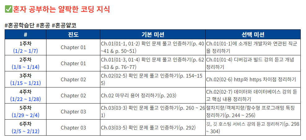 - 혼공 시리즈 11권 중에 한 권을 선택하여 6주간 공부합니다.
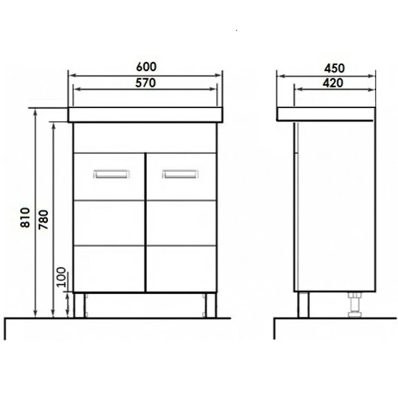 Габариты с учетом раковины и ножек (ШхВхГл): 60х81х45 см
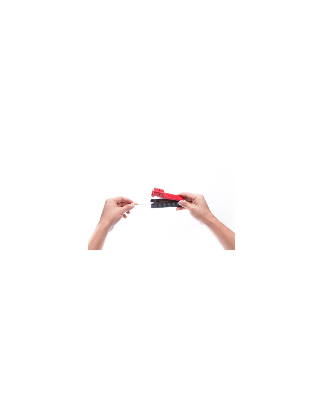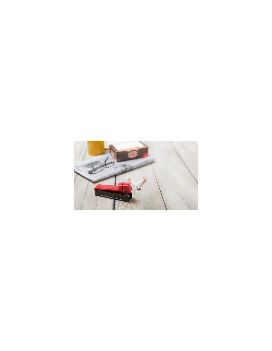 Inyectora para tabaco en diseño bicolor y variada gama de colores. Con pulsador de entubado y presentada en caja individual de diseño.
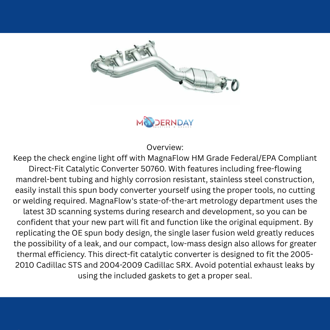 Keep the check engine light off with MagnaFlow HM Grade Federal/EPA Compliant Direct-Fit Catalytic Converter 50760. With features including free-flowing mandrel-bent tubing and highly corrosion resistant, stainless steel construction, easily install this spun body converter yourself using the proper tools, no cutting or welding required. MagnaFlow's state-of-the-art metrology department uses the latest 3D scanning systems during research and development, so you can be confident that your new part will fit and function like the original equipment. By replicating the OE spun body design, the single laser fusion weld greatly reduces the possibility of a leak, and our compact, low-mass design also allows for greater thermal efficiency. This direct-fit catalytic converter is designed to fit the 2005-2010 Cadillac STS and 2004-2009 Cadillac SRX. Avoid potential exhaust leaks by using the included gaskets to get a proper seal.
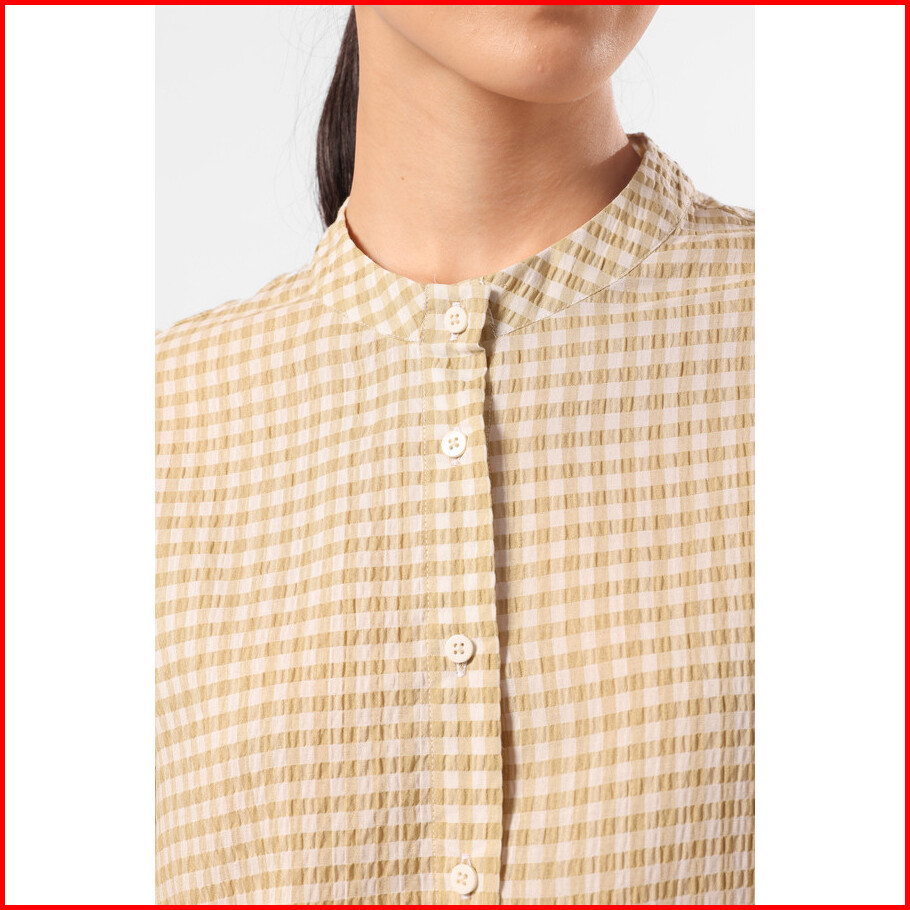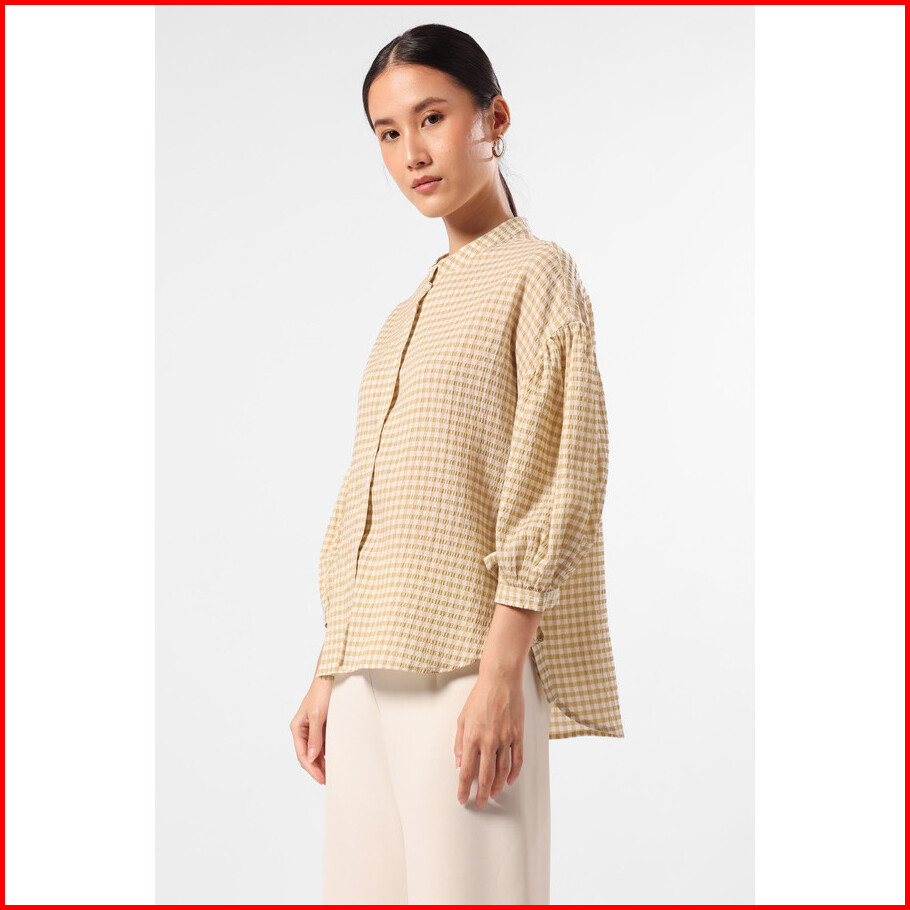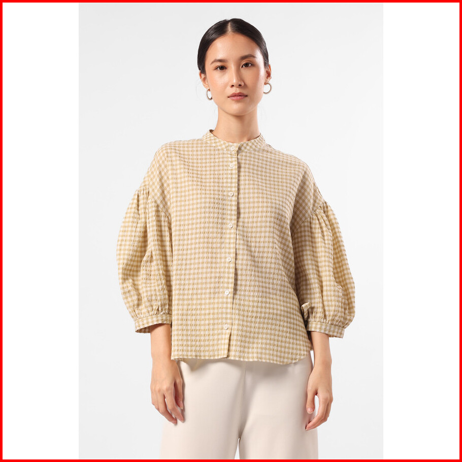 Minimal - Harmony - Plaid Blouse Lengan Balon Wanita - Brown

**Problem statement:**
Please retype the whole listing above exactly, without any of its images.

**Final answer:**
 - 혼공 시리즈 11권 중에 한 권을 선택하여 6주간 공부합니다.
 Габариты с учетом раковины и ножек (ШхВхГл): 60х81х45 см
 Inyectora para tabaco en diseño bicolor y variada gama de colores. Con pulsador de entubado y presentada en caja individual de diseño.
 Keep the check engine light off with MagnaFlow HM Grade Federal/EPA Compliant Direct-Fit Catalytic Converter 50760. With features including free-flowing mandrel-bent tubing and highly corrosion resistant, stainless steel construction, easily install this spun body converter yourself using the proper tools, no cutting or welding required. MagnaFlow's state-of-the-art metrology department uses the latest 3D scanning systems during research and development, so you can be confident that your new part will fit and function like the original equipment. By replicating the OE spun body design, the single laser fusion weld greatly reduces the possibility of a leak, and our compact, low-mass design also allows for greater thermal efficiency. This direct-fit catalytic converter is designed to fit the 2005-2010 Cadillac STS and 2004-2009 Cadillac SRX. Avoid potential exhaust leaks by using the included gaskets to get a proper seal.
 Minimal - Harmony - Plaid Blouse Lengan Balon Wanita - Brown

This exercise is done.